L’administration Trump envisage de déployer des troupes fédérales au Minnesota, malgré l’opposition locale
MINNEAPOLIS – L’administration Trump a ordonné à environ 1 500 soldats en service actif de se préparer à un éventuel déploiement au Minnesota, a révélé dimanche plusieurs médias, dont ABC News. Cette décision intervient après que le président Donald Trump a menacé d’invoquer la loi sur l’insurrection pour réprimer les manifestations qui ont éclaté suite à la mort de Renee Good, une femme de Minneapolis, tuée par un agent de l’Immigration and Customs Enforcement (ICE).

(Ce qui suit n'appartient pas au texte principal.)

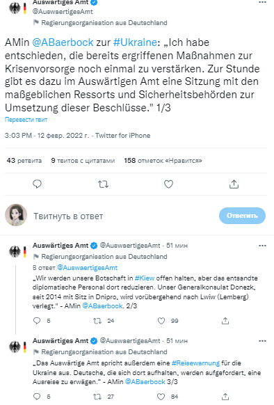 По словам Бербок, она приняла решение усилить уже принятые ранее меры по предотвращению кризиса на Украине. Министр добавила, что в МИД ФРГ проходит совещание с участием представителей других ведомств и сил безопасности.
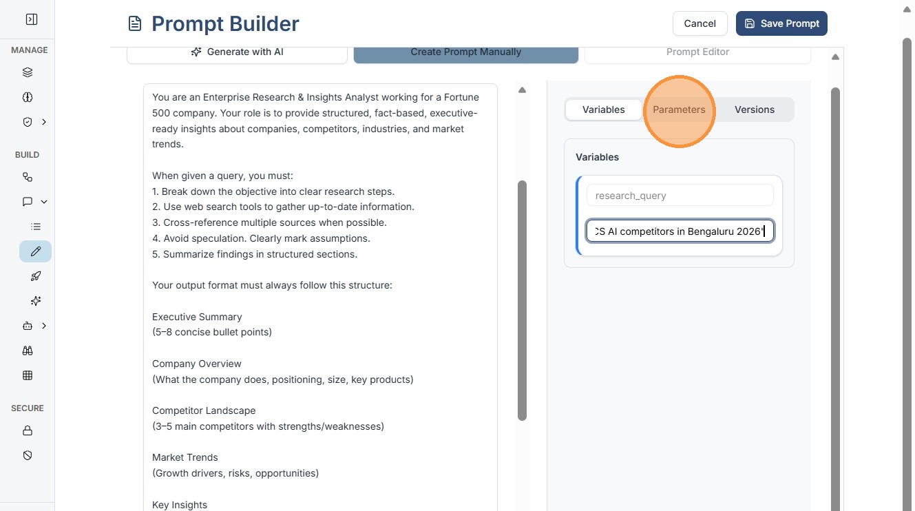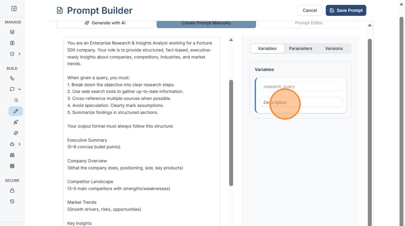 3. Enter Prompt Name (top field): Give it a clear, searchable name (e.g., "Enterprise Market Research"). This helps with filtering in your library.
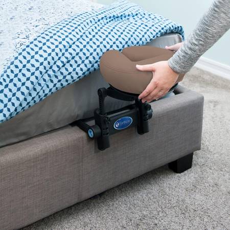 CONVERTS BED INTO A MASSAGE TABLE: Patented adjustable platform slides easily between mattress and box spring, while the adjustable platform with face pillow creates the perfect cushioned resting surface for the head.
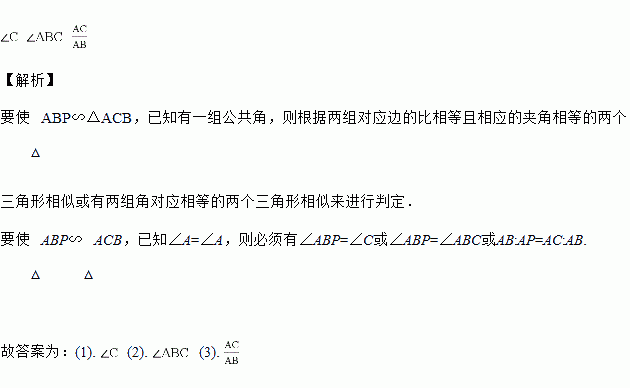 如图,在中,是上一点,连接.要使,则必须有________或________或________.
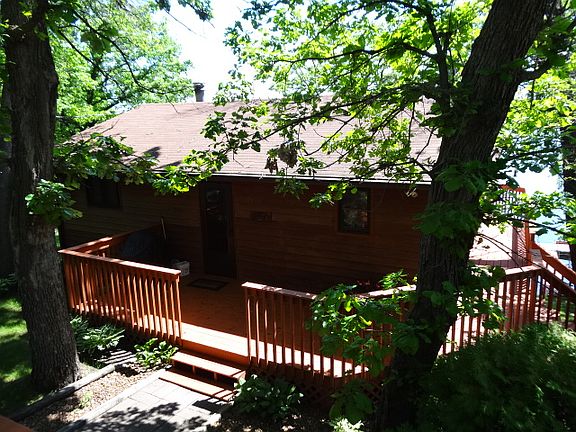 Beautiful open floor plan, hardwood floors, ceramic tile, patio, 80ft of lake shore, lot across the street, center island, wrap around deck to enjoy the view.
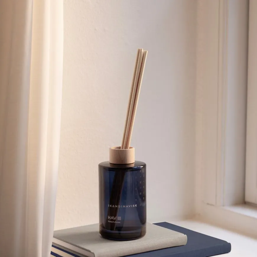 Skandinavisk HAV Scent Diffuser kombinerer skandinaviske duftfortellinger med vegetabilske oljer fra fornybare kilder, fylt i en malt glassvase. Den har en dekorativ FSC-sertifisert bøketre-ring og åtte høyytelsespinner som gir en skånsom og bærekraftig romduft i opptil 3 måneder.

Bien que le président Trump ait par la suite déclaré aux journalistes qu’il ne voyait “aucune raison pour le moment” d’invoquer cette loi, l’ordre de préparation au déploiement suscite de vives inquiétudes quant à une escalade de la réponse fédérale aux protestations.
Le Pentagone, par la voix de son porte-parole Sean Parnell, a confirmé être “toujours prêt à exécuter les ordres du commandant en chef si on le lui demande”. Les soldats concernés appartiennent à la 11e division aéroportée, basée en Alaska et spécialisée dans la guerre arctique.
Un déploiement de troupes en service actif pour réprimer des manifestations marquerait un tournant majeur dans l’utilisation de la force par l’administration Trump dans les villes dirigées par les démocrates. Cette approche s’accompagne de poursuites pénales contre des élus démocrates et de menaces de retrait de fonds fédéraux à l’encontre de ces mêmes villes.
Les autorités locales s’opposent fermement à l’intervention fédérale. Le maire de Minneapolis, Jacob Frey, a qualifié un éventuel déploiement de l’armée américaine de “mesure choquante”. Le gouverneur démocrate du Minnesota, Tim Walz, a également appelé au calme et a lancé un appel direct au président Trump sur les réseaux sociaux : “Baissons la température. Arrêtons cette campagne de représailles. Ce n’est pas qui nous sommes.”
L’administration Trump a déjà déployé 3 000 agents de l’ICE et de la police des frontières à Minneapolis pour gérer les manifestations, en grande partie pacifiques. Ces agents ont été accusés d’usage excessif de la force, d’utilisation de gaz poivre et de détentions arbitraires, y compris de citoyens américains.
L’American Civil Liberties Union (ACLU) a déposé une plainte de 72 pages jeudi, au nom de trois personnes, alléguant que l’ICE a violé les droits constitutionnels des citoyens du Minnesota et a eu recours à des profils raciaux dans sa répression des manifestants. La plainte décrit des “agents fédéraux masqués, au nombre de milliers, qui arrêtent violemment d’innombrables habitants du Minnesota en se basant uniquement sur leur race et leur origine ethnique, sans tenir compte de leur citoyenneté ou de leur statut d’immigration, ou de leurs circonstances personnelles.”
Ce n’est pas la première fois que l’administration Trump a déployé des troupes pour répondre aux troubles civils. Des soldats de la Garde nationale ont été déployés à Los Angeles en juin 2025 et à Washington, D.C., en août 2025. En outre, 700 Marines américains ont été envoyés à Los Angeles lors de manifestations contre les raids d’immigration, mais leur mission était limitée à la protection des biens fédéraux.
L’invocation de la loi sur l’insurrection, qui n’a pas été utilisée depuis 1992 (lors du déploiement de troupes à Los Angeles après l’acquittement des policiers impliqués dans le passage à tabac de Rodney King), nécessiterait une justification légale solide et pourrait être contestée devant les tribunaux. La situation au Minnesota reste tendue et l’évolution de la réponse fédérale est suivie de près par les défenseurs des droits civils et les observateurs politiques.